* **Input material**
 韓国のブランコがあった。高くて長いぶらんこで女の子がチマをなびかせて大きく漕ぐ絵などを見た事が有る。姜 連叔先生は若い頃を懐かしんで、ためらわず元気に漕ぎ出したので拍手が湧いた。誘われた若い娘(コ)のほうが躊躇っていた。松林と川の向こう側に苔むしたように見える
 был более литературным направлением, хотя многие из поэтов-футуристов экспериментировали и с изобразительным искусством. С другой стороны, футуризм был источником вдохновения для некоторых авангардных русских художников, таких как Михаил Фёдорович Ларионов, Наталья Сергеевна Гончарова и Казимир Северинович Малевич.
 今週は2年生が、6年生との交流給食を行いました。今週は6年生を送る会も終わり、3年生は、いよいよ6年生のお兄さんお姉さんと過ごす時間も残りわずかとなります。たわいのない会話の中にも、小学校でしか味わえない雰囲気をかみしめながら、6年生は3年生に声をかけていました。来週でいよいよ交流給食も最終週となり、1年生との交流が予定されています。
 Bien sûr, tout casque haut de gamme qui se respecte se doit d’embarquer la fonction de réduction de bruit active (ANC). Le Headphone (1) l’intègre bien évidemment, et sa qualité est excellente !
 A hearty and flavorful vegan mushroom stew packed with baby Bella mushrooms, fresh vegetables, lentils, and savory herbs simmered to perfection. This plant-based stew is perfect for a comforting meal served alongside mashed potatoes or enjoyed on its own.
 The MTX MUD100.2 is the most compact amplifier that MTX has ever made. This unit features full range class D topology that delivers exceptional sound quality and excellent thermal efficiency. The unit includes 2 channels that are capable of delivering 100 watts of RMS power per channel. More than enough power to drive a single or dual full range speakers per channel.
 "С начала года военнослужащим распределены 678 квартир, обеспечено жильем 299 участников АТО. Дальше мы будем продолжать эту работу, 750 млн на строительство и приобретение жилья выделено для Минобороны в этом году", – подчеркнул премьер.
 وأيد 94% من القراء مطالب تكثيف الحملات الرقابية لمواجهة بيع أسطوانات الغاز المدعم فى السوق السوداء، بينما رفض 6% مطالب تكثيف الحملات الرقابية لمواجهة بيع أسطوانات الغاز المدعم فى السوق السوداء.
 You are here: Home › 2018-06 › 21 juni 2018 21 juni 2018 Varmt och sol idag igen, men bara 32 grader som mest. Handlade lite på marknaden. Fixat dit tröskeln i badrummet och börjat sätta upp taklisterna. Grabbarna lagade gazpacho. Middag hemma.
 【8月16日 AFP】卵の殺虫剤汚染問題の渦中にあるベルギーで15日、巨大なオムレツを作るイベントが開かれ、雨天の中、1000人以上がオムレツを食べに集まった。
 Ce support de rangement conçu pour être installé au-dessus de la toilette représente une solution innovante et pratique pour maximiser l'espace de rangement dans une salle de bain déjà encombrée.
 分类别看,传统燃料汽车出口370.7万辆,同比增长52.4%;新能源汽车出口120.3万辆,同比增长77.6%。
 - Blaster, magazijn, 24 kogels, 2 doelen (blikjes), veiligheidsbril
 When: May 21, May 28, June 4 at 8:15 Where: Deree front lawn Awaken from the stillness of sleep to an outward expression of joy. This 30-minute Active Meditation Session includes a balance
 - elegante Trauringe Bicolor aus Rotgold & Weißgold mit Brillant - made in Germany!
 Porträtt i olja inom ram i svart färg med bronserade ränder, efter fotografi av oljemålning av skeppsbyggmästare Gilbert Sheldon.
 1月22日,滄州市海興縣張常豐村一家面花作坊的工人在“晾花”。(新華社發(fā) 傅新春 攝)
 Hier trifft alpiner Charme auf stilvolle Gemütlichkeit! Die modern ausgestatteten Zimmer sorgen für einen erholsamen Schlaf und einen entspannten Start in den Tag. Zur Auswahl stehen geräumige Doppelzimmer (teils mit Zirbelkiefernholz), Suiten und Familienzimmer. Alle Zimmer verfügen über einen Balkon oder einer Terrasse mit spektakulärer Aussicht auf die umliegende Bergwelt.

* **Task details**
Show all lines from the records above where the word "made" occurs.

* **Answer section**
 The MTX MUD100.2 is the most compact amplifier that MTX has ever made. This unit features full range class D topology that delivers exceptional sound quality and excellent thermal efficiency. The unit includes 2 channels that are capable of delivering 100 watts of RMS power per channel. More than enough power to drive a single or dual full range speakers per channel.
 - elegante Trauringe Bicolor aus Rotgold & Weißgold mit Brillant - made in Germany!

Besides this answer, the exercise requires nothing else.